I had a Sheltie as a kid and it was one of those once in a lifetime dogs. Like you, most of my dogs were found by my parents and looking back, most were of dubious heritage and likely from BYB, so I'm kind of having to relearn purebreds and unlearn what I thought I knew about them. I've found breed clubs to be a great resource. Most have a website and often a local chapter and they can often help you get in touch with breeders who aren't as active online but are active in the breed. In addition, we've had good luck at a dog show. I think it's important to remember that the breeders are there to show their dogs and not to be a pest during that time when they're rushing to get ready for the ring, but often after they have some time to talk and it can be a great way to meet several as well as get to see several lines of dogs that might be going to be bred in the next year.
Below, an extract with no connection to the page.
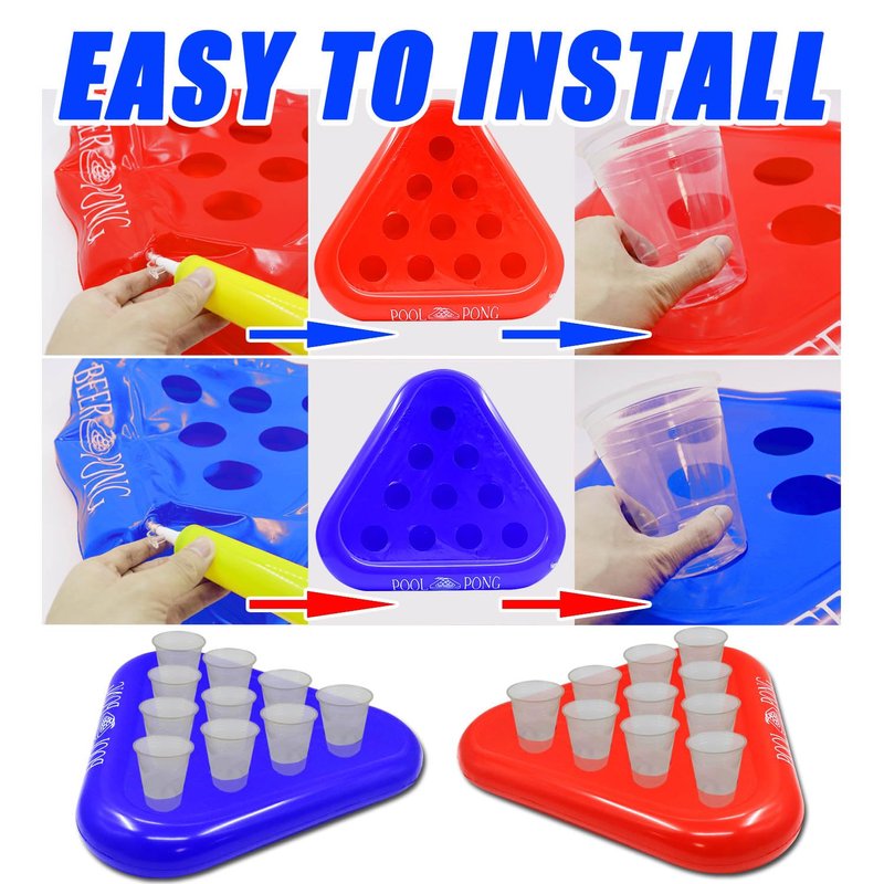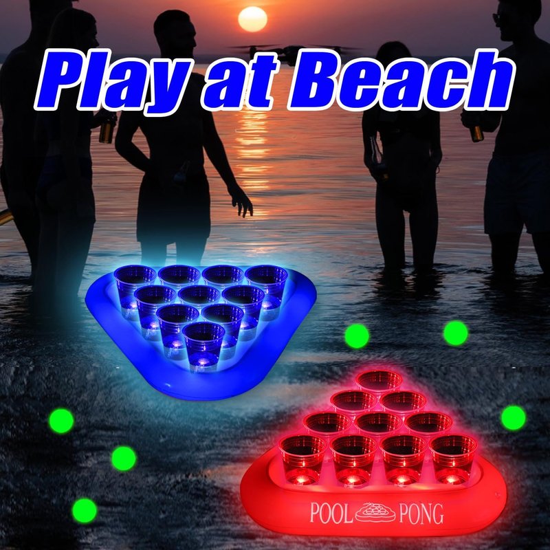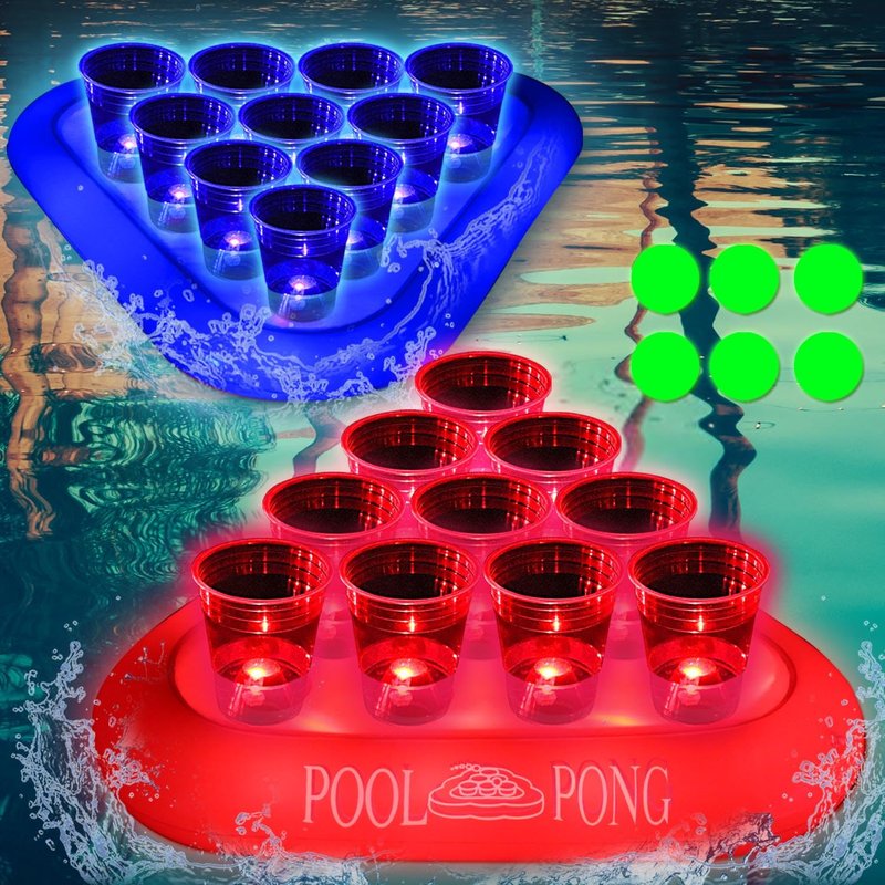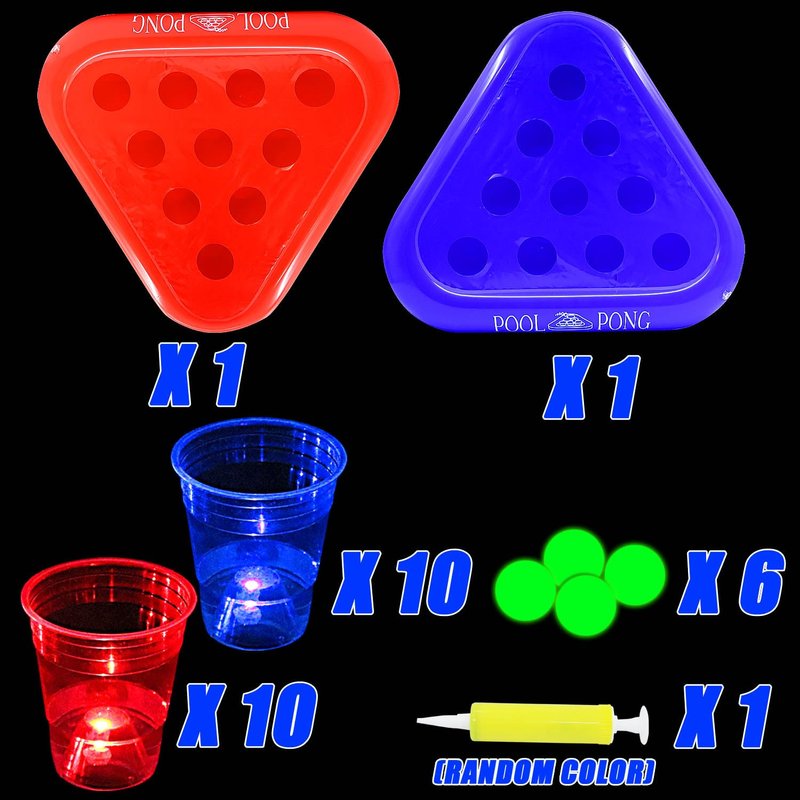 -Includs 2 inflatable pool float racks(red&blue), 20 plastic cups, 20 LED lights(10 reds&10 blues)glow pong X 6 sticker X20 (5cm waterproof ).

It really does seem like getting out to breed-specific events or shows helps with networking. Also, I really liked seeing how different breeders handle their dogs and I liked seeing that one breeder we were considering handled their dogs more like how I would want to handle ours than another. If you're paying that much for a pup, why not get one that has a start most similar to what you would give it?

Good luck!


----------



## agility collie mom (Jan 26, 2008)

Have you thought of collie rescue: http://www.collierescue.net/adoptable-collies/ They had rescued 22 dogs at one point including puppies. http://www.tristatecollierescue.org/adoptables.html http://www.tristatecollierescue.org/spencer.html this guy is only 9 months old.


----------



## beardiedawg (Apr 16, 2012)

I foster collies for rescue in Texas. If you are not set on getting a puppy from a breeder, check out the collie rescues. It is depressing to see how many come into rescue, many of them young.


----------



## agility collie mom (Jan 26, 2008)

beardiedawg said:


> I foster collies for rescue in Texas. If you are not set on getting a puppy from a breeder, check out the collie rescues. It is depressing to see how many come into rescue, many of them young.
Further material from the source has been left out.